Acara yang berlangsung meriah itu dimeriahkan oleh berbagai penampilan seni dari para tunas muda, mulai dari seni bela diri pencak silat, tari jaipong, hingga pertunjukan seni tradisional lainnya. Erick mengapresiasi semangat generasi muda yang turut aktif mengenal dan melestarikan warisan budaya leluhur.
“Sebagai orang Karawang, kita tidak boleh hanya memikirkan kemajuan dan pembangunan ke depan. Kita juga harus menengok ke belakang—melihat akar sejarah dan budaya kita yang kaya. Budaya Sunda itu identik dengan nilai-nilai Cageur, Bageur, Pinter, Someah, dan Bijaksana. Ini adalah identitas luhur yang harus kita wariskan pada anak cucu kita,” ungkap Erick yang dikenal luas sebagai figur wakil rakyat yang peduli terhadap pengembangan budaya dan para pelaku seni.
Dalam pandangannya, keberadaan komunitas budaya seperti Paguyuban Maung Geulis adalah mitra strategis dalam menjaga keberlanjutan budaya lokal di tengah era modern. Oleh karena itu, ia menegaskan bahwa perhatian terhadap dunia kebudayaan tidak boleh setengah hati.
“Saya berharap acara seperti ini bukan hanya dipertahankan, tapi terus dikembangkan. Budaya Sunda bukan sekadar warisan masa lalu, melainkan identitas masa depan kita. Dunia harus tahu bahwa masyarakat Sunda punya karakter yang luhur, penuh sopan santun, dan juga cerdas dalam berintelektualisasi,” tandasnya.

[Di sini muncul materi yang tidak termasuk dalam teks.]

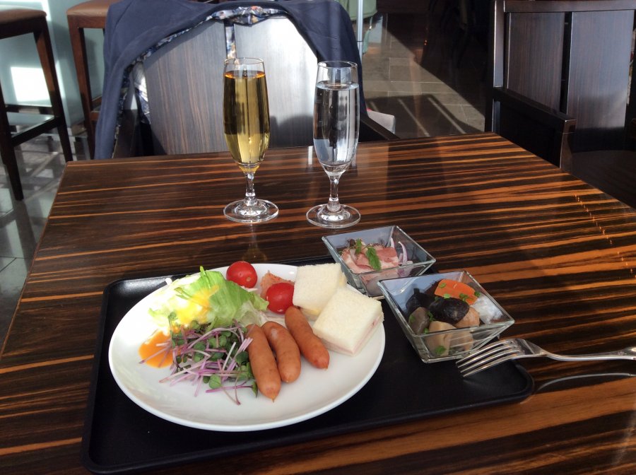 Har lite frukost på JAL First Class Lounge på Narita flygplatsen i Tokyo.

H. Erick Heryawan Kusuma selama ini dikenal sebagai wakil rakyat yang konsisten memberikan dukungan terhadap kegiatan budaya, baik melalui penguatan kebijakan di parlemen maupun melalui keterlibatan langsung di lapangan. Sosoknya yang rendah hati namun tegas, menjadikannya panutan di tengah masyarakat seni dan budaya Karawang.

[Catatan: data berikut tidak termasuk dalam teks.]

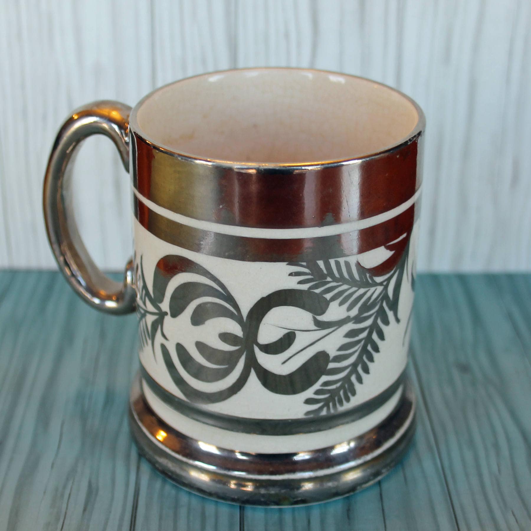This beautiful silver luster Arthur Wood mug is decorated with a silver and white leaf design. The mug is 4" tall and 3.25" in diameter at the base. The bottom is marked with the Arthur Wood makers mark.

Perayaan HUT Paguyuban Maung Geulis ke-5 ini pun menjadi momentum penting untuk terus menyalakan api semangat pelestarian budaya. Erick mengajak semua pihak, terutama generasi muda, agar tidak melupakan akar identitasnya.
“Budaya bukan sekadar tontonan, tapi tuntunan. Mari kita jaga dan angkat budaya Sunda agar tidak sekadar dikenang, tapi juga terus hidup dan berkembang,” pungkasnya.